New Zealand risks becoming an “employment backwater” unless more is done to help people turn ideas into new businesses that will create jobs, the country’s largest business lender has warned.
Fred Ohlsson, Managing Director of ANZ Business Banking, says business ideas needed to boost employment and growth risk dying off as official figures show that business start-ups have plunged to their lowest level since at least 2000.
Business ‘deaths’ have outnumbered ‘births’ for the past three years meaning the total number of enterprises has been falling since 2009.
ANZ moved to highlight the issues today as it announced a new $500 million package to support new business start-ups.

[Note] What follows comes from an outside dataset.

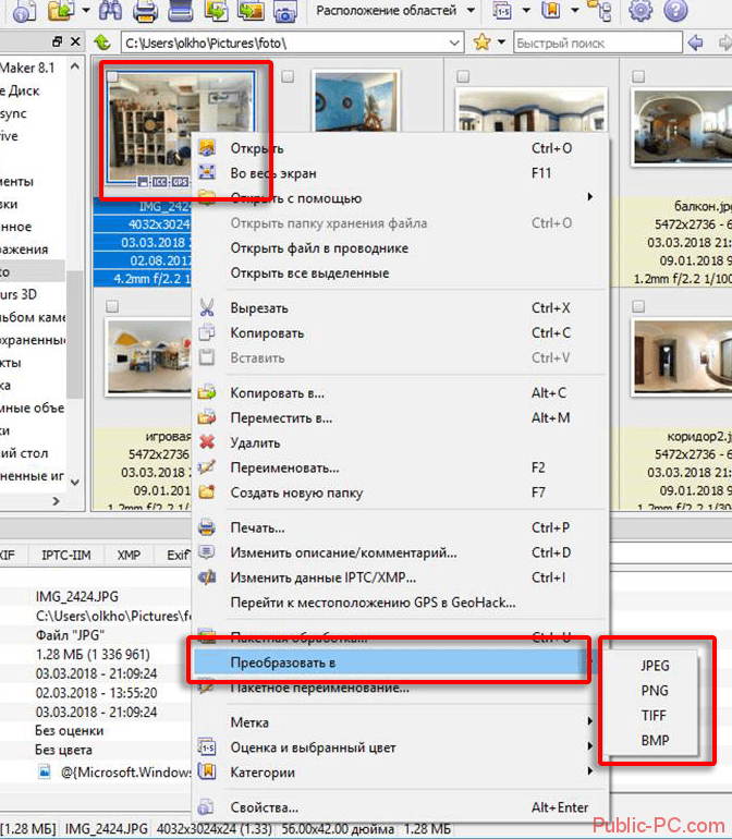 Конвертировать BMP в JPG могут также программы для просмотра картинок с расширенными возможностями, к которым относится IrfanView .
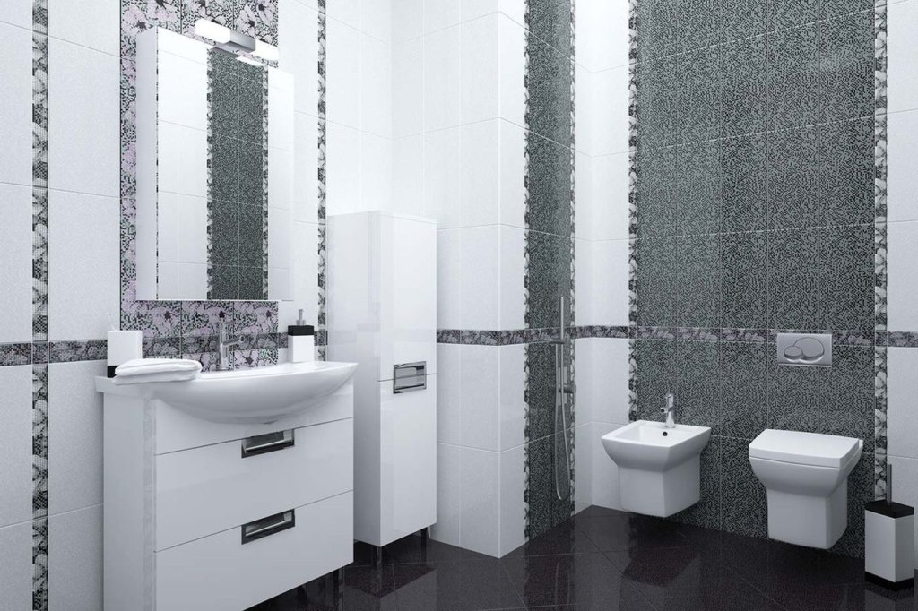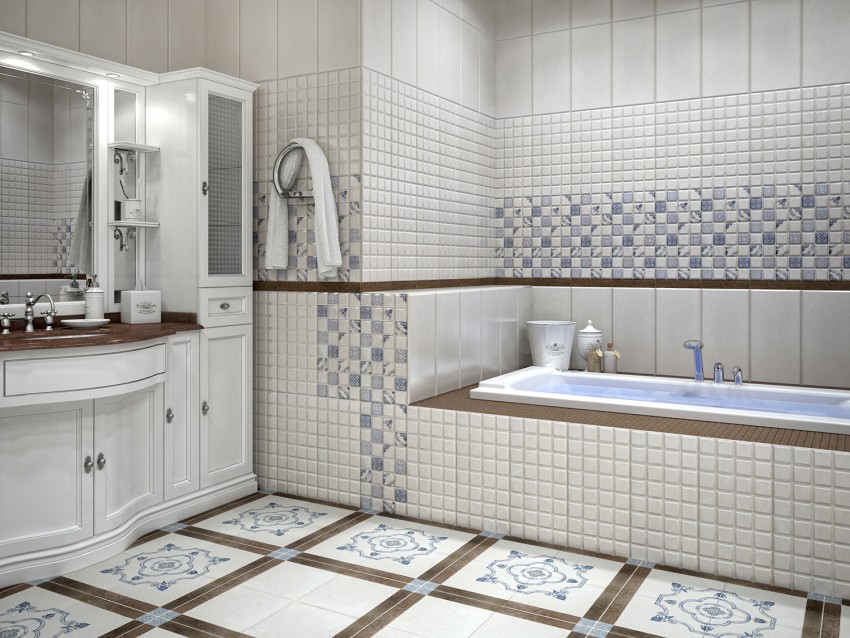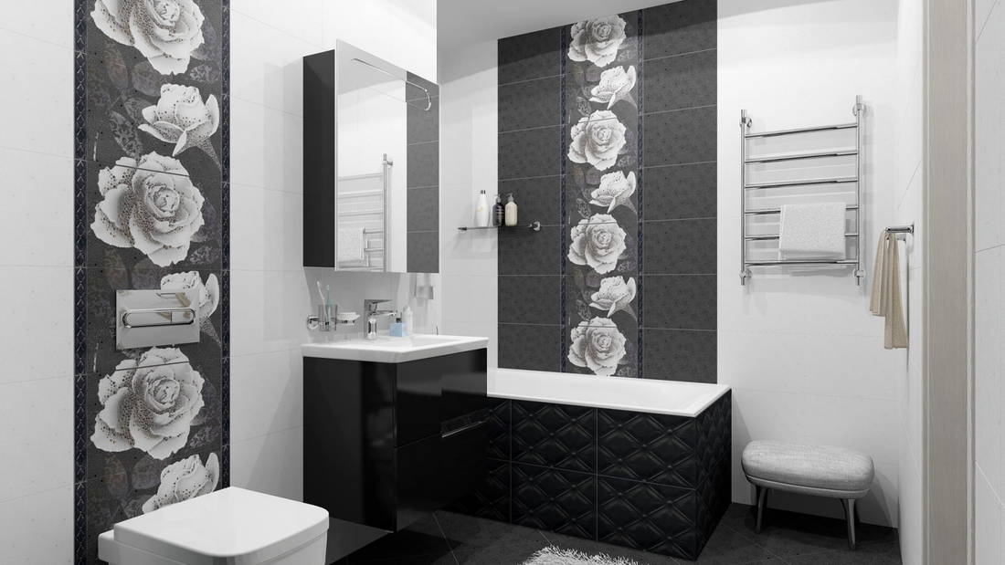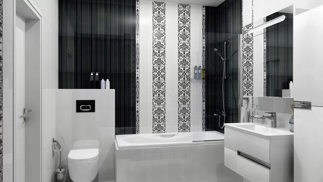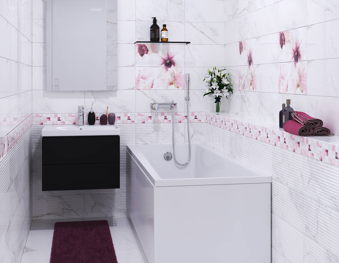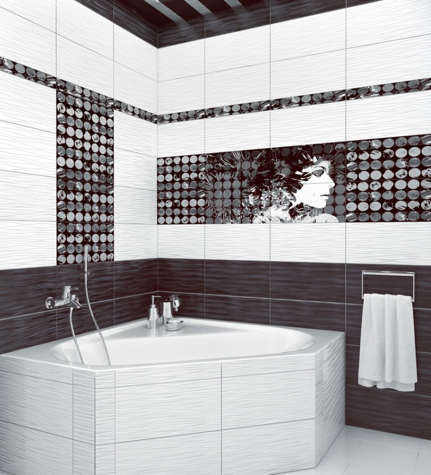 Переходом от темного к светлому служит бордюр (обычно однотонный). Также бордюр используется и под потолком, чтобы придать интерьеру ванной завершенный вид.

Mr Ohlsson says: “It is alarming that nearly 30,000 fewer businesses were born last year than in 2004, yet new enterprises are the key to creating jobs. If we’re serious about getting unemployment down in New Zealand we must do all we can to boost business start-ups.
“Today’s backyard entrepreneur can be tomorrow’s market leader, hiring hundreds along the way. But these people need help to take their ideas beyond the garage and on to success in the marketplace. Without it, more great ideas will die and New Zealand risks becoming an employment backwater,” Mr Ohlsson says.
It has always been a big leap to turn an idea into a viable business but the challenges appear to be mounting. Start-ups tell us one of their toughest tests is finding the right support: both the capital to get started, and the advice and tools to put a new venture on a sustainable footing.”
ANZ’s new start-up package is designed to make it quicker and easier for start-ups to secure the funding and advice they need to get viable businesses off the ground.